Return exactly the lines of the records below, starting at the line that contains "Schéma K un" and ending at the line that contains "O Itabaiana pode", with both of those lines kept.

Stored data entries
┏━━
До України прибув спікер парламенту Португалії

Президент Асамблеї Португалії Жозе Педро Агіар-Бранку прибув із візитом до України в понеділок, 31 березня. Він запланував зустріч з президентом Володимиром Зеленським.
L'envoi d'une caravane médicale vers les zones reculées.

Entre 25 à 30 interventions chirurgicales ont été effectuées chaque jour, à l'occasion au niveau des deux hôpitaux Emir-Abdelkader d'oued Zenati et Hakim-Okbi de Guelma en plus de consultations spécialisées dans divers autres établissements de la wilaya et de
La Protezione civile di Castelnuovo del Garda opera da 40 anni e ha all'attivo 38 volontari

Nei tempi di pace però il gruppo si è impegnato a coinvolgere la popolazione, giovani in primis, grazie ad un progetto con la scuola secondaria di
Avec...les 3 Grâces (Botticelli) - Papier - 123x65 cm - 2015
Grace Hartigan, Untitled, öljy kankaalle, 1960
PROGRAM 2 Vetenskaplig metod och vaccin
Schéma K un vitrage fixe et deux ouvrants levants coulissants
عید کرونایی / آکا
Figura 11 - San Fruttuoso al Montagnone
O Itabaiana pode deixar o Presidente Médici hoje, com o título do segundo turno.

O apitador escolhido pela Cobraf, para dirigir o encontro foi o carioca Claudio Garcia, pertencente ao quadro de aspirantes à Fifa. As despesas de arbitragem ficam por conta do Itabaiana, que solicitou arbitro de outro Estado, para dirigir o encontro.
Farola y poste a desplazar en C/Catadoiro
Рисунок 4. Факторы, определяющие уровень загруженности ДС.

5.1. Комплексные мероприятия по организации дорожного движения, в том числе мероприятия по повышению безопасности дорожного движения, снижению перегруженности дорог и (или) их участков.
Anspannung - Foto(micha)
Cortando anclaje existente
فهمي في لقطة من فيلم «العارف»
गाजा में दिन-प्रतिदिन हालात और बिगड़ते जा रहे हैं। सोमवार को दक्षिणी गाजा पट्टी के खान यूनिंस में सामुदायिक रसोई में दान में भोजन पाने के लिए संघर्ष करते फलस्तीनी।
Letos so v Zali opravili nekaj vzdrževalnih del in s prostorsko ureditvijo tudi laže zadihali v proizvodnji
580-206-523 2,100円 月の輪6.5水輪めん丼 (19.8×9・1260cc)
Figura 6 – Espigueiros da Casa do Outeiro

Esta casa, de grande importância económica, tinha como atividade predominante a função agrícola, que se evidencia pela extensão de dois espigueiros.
┗━━
▶ **Written answer**:
Schéma K un vitrage fixe et deux ouvrants levants coulissants
عید کرونایی / آکا
Figura 11 - San Fruttuoso al Montagnone
O Itabaiana pode deixar o Presidente Médici hoje, com o título do segundo turno.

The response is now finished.